Чужак - Симона Вилар 5 стр.


- Пойми, Лелечка моя, только так могу тебя спасти. Знаю, не захочешь ты по своей воле меня в Ирий спровадить. А то, что больно Медведко тебе сделал, - так у баб всегда так поначалу. Потом даже усладу в этом находят. И ты так жива, останешься, радоваться Удовой страсти научишься. Я ведь знаю, какая ты у меня чувственная, нежная.

Медведко приходил к ней и в следующую ночь, и еще раз. Ложился на нее, проникал сильными толчками. Карина знала, что это как раз то, что происходит между мужиками и бабами. Но какая же в том услада?.. И еще невыносимо было сопящее присутствие князя.

- Да пошел ты прочь… постылый!

Он вышел, спотыкаясь. Закончив свое дело, за ним вышел и Медведко, скабрезно улыбнувшись ей напоследок, Карина отвернулась, лежала, глядя в стену, пока не уснула. А разбудили ее крики, голоса, лязг мечей, стоны. Как была, в одной рубахе, кинулась на порог.

Из мрака голос Родима кричал:

- Смирись, отец! Это твоя судьба!

Но Боригор отбивался отчаянно. А с ним и последние верные кмети. Всех порубили. Самому князю голову снесли. Она так и покатилась под ноги Карине, уставившись на нее удивленным взглядом. Карина закусила косу, чтобы не закричать. Бросилась назад в избу, вжалась в угол.

Родим вошел, пригибаясь под низкой притолокой. В руке окровавленный меч. Не он ли и зарубил отца? Вбросив оружие в ножны, поглядел на Карину, улыбаясь.

- Ну, вот и ты, моя красавица.

Одним рывком разорвал на ней рубаху, кинул на полати, навалился, вдавливая в ее нежную кожу булатные пластины доспеха.

- Ну, ну, не вырывайся так. Знаешь ведь, что давно мне мила. Так что не обижу, в терем к себе возьму. Не наложницей, княгиней сделаю.

Несмотря на боль и унижение, Карина сообразила. Перестала биться, не хныкала, улыбалась ему в бороду. Жить-то хотелось, пугала мысль о том, что в курган с Боригором ее захотят положить.

Родим не обманул. Он и раньше всегда глядел на меньшицу отца восхищенно, даже руки дрожали в ее присутствии. Что, однако, не мешало при малейшей возможности то хлопнуть ее пониже спины, то по бедру огладить. Боригор заметил однажды - сразу кулаком по лицу сына прошелся. Теперь же Боригора не было в живых, лишь глаза на его отрубленной голове глядели, как сын-убийца наслаждается его любимой женой.

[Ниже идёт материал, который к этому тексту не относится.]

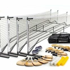 4-Court PaddlePro Elite Packs. Include 4 PaddlePro Elite Nets, 16 paddles, 24 PaddlePro Balls (12 Ea White, Yellow), and 6 rolls floor tape (1″W).
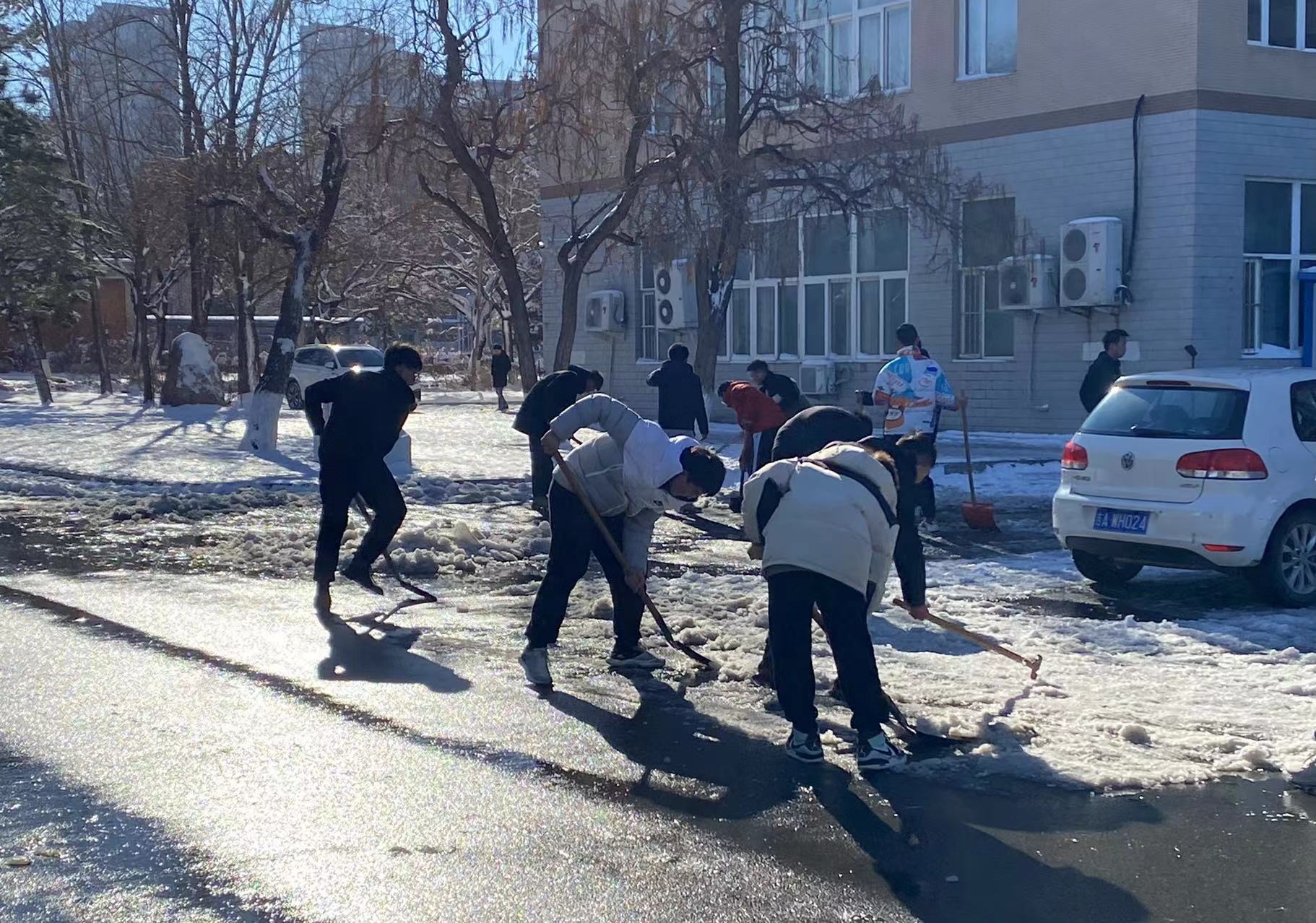 分发的扫雪工具,认真落实自己班级负责的区域。随后,同学们齐齐挥动着扫雪工具,在冰雪覆盖的道路上挥洒汗水,扫清路面上的每一分雪,铲掉表面结固的每一寸冰。在同学们的不懈努力下,最后大家成功地将每一个负责的区域清理干净,使路面环境焕然一新,也保证了同学们的出行安全。
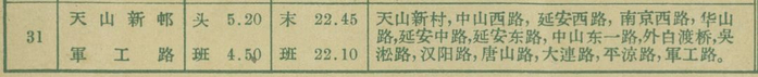 11路汽车与3路汽车(北京路外滩至延安西路凯旋路)两线合并为31路公共汽车,自平凉路军工路至天山新村。为当时市区最长线路。

Но похоронил отца Родим с почестями. Карина же во время тризны сидела подле Родима, косу по вдовьему обычаю не срезала, сразу кикой, жемчугом шитой, покрыла. Ох, и косилась же на нее зло старая княгиня Параксева! Все опомниться не могла, когда сын прежнюю княгиню-соперницу на коне перед собой из леса привез, при всем честном народе в Елани новой княгиней объявил.

Наверное, Карина тогда даже торжество ощутила. Но недолго оно длилось. Родим, отличался от отца; тот бы никому собой помыкать не позволил. А этот чуть что - к матери за советом бегал. Вот та и подучивала сынка. Уже на второй день после тризны он ввалился в опочивальню Карины пьяный, ни с того ни с сего выхватил из-за голенища сапога кнут и давай ее пороть. Пока до крови не рассек, не успокоился. Едва отдышавшись, сказал назидательно:

- Всякий муж должен бить жену, чтоб знала, кто ее хозяин и господин.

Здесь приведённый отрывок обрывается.